What the exercise asks:
Return the data below exactly, please, but drop the pictures.

»»

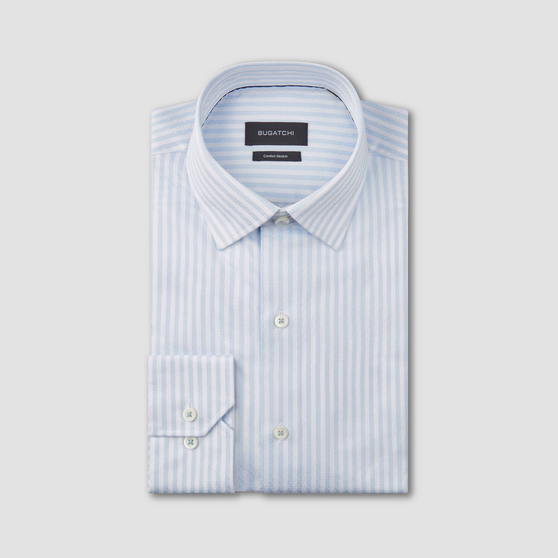 Arthur striped jacquard long-sleeved dress shirt in comfort stretch cotton with point collar, French placket, adjustable notched cuffs, genuine shell buttons and a curved hemline.
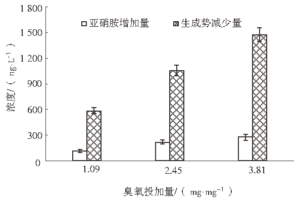 生成勢的測定是在臭氧氧化試驗的基礎(chǔ)上,參加用氯化銨和次氯酸鈉(以Cl2計)按摩爾比1.2∶1配制氯胺溶液,在恒溫(25 ℃)漆黑中貯存10 d,再測定亞硝胺的總量,反響前后物質(zhì)的濃度差值即為該物質(zhì)的生成勢。
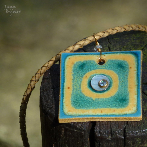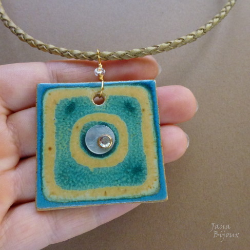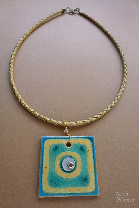 c791 11/11/2012VENDIDOS ( Prodáno)Jana Bijoux Colar curto 45cm de couro e cerâmica (4,5 cm) com a colagem R$ 29,00 KŮŽE, KERAMIKA A KOLÁŽ.
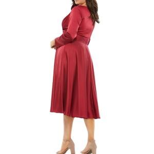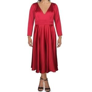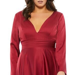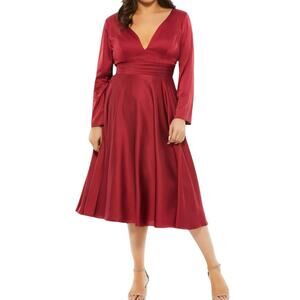 MAC DUGGAL 67907 Satin Sweetheart Flowy Midi Dress Burgundy Size 22W New w/ Tag
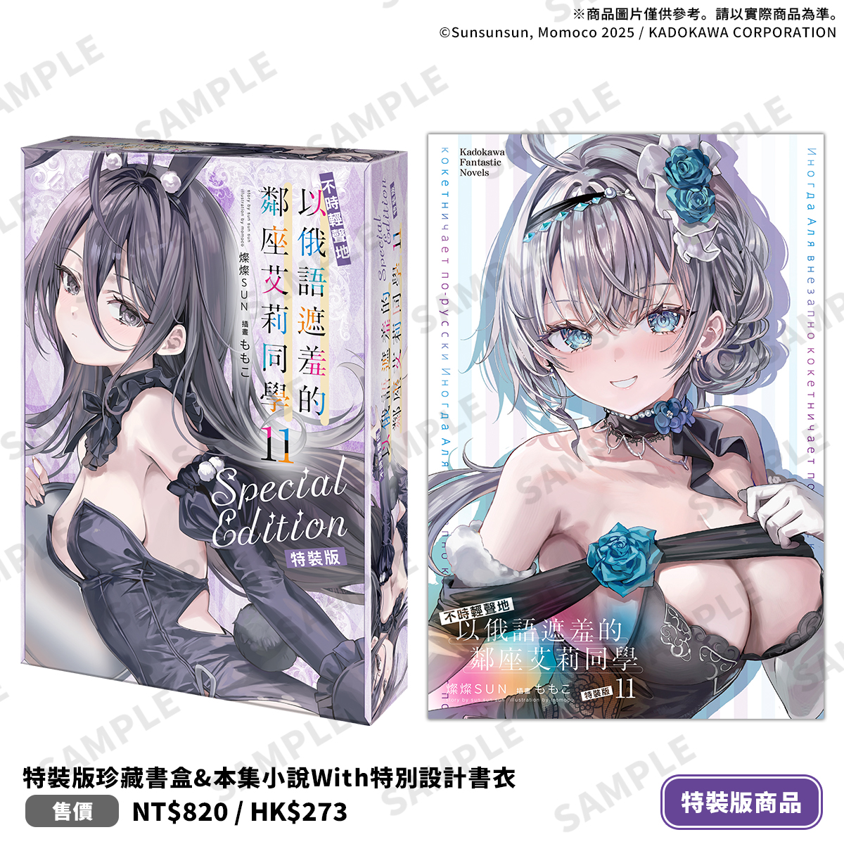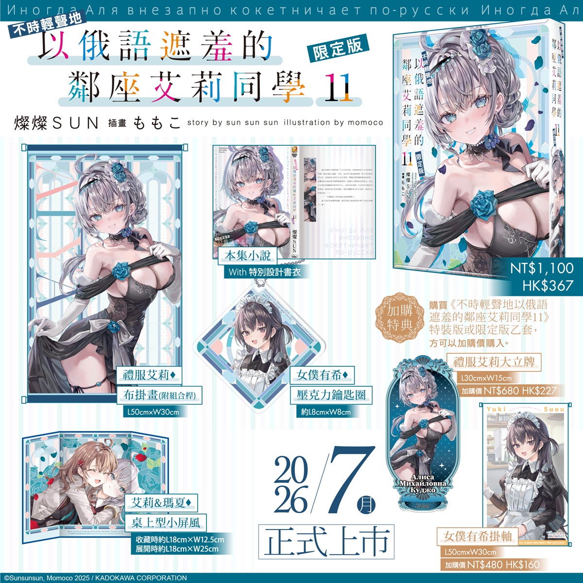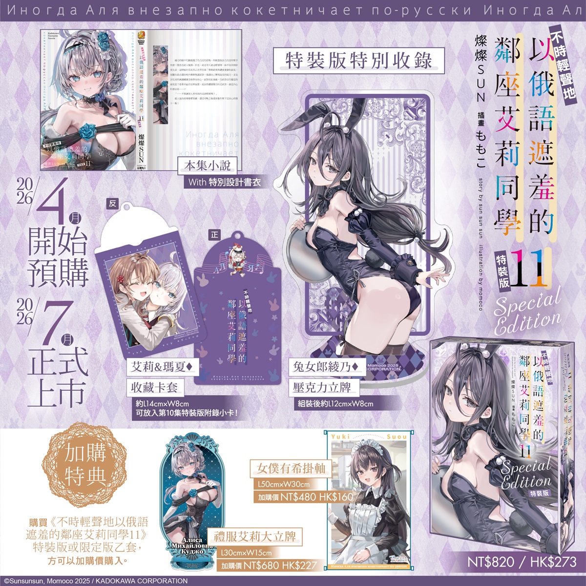 《不時輕聲地以俄語遮羞的鄰座艾莉同學 (11)》特別規劃限定版與特裝版,打造豪華雙版本周邊:【特裝版】開放指定通路&台灣角川官網預購/販售,2026漫畫博覽會首賣登場──收錄「艾莉&瑪夏◆收藏卡套(可放入第 10 集特裝版附錄小卡)」、「兔女郎綾乃◆壓克力立牌」;【限定版】將於2026漫畫博覽會獨家首賣,台灣角川官網限定發售──收錄「禮服艾莉◆布掛畫(附組合桿)」、「艾莉&瑪夏◆桌上型小屏風」、「女僕有希◆壓克力鑰匙圈」;雙版本皆收錄「本集小說 with 特別設計書衣」於兩款絕讚設計的「特製珍藏書盒」中。
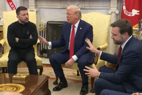 Ukrajinski predsednik Zelenski med hudo diskusijo s predsednikom Trumpom in podpredsednikom Vanceom v Ovalnem uradu Bele hiše 28. februarja 2025 / Foto: Wikipedija
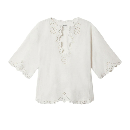 Den tunesiske halsudskæring er dekoreret med broderie anglaise, mens de korte, let trompetformede ærmer og den bølgede, åbne kant forneden tilfører et luftigt og eksklusivt look. En feminin top, der balancerer afslappet elegance med fine detaljer.

««

Task output:
 Arthur striped jacquard long-sleeved dress shirt in comfort stretch cotton with point collar, French placket, adjustable notched cuffs, genuine shell buttons and a curved hemline.
 生成勢的測定是在臭氧氧化試驗的基礎(chǔ)上,參加用氯化銨和次氯酸鈉(以Cl2計)按摩爾比1.2∶1配制氯胺溶液,在恒溫(25 ℃)漆黑中貯存10 d,再測定亞硝胺的總量,反響前后物質(zhì)的濃度差值即為該物質(zhì)的生成勢。
 c791 11/11/2012VENDIDOS ( Prodáno)Jana Bijoux Colar curto 45cm de couro e cerâmica (4,5 cm) com a colagem R$ 29,00 KŮŽE, KERAMIKA A KOLÁŽ.
 MAC DUGGAL 67907 Satin Sweetheart Flowy Midi Dress Burgundy Size 22W New w/ Tag
 《不時輕聲地以俄語遮羞的鄰座艾莉同學 (11)》特別規劃限定版與特裝版,打造豪華雙版本周邊:【特裝版】開放指定通路&台灣角川官網預購/販售,2026漫畫博覽會首賣登場──收錄「艾莉&瑪夏◆收藏卡套(可放入第 10 集特裝版附錄小卡)」、「兔女郎綾乃◆壓克力立牌」;【限定版】將於2026漫畫博覽會獨家首賣,台灣角川官網限定發售──收錄「禮服艾莉◆布掛畫(附組合桿)」、「艾莉&瑪夏◆桌上型小屏風」、「女僕有希◆壓克力鑰匙圈」;雙版本皆收錄「本集小說 with 特別設計書衣」於兩款絕讚設計的「特製珍藏書盒」中。
 Ukrajinski predsednik Zelenski med hudo diskusijo s predsednikom Trumpom in podpredsednikom Vanceom v Ovalnem uradu Bele hiše 28. februarja 2025 / Foto: Wikipedija
 Den tunesiske halsudskæring er dekoreret med broderie anglaise, mens de korte, let trompetformede ærmer og den bølgede, åbne kant forneden tilfører et luftigt og eksklusivt look. En feminin top, der balancerer afslappet elegance med fine detaljer.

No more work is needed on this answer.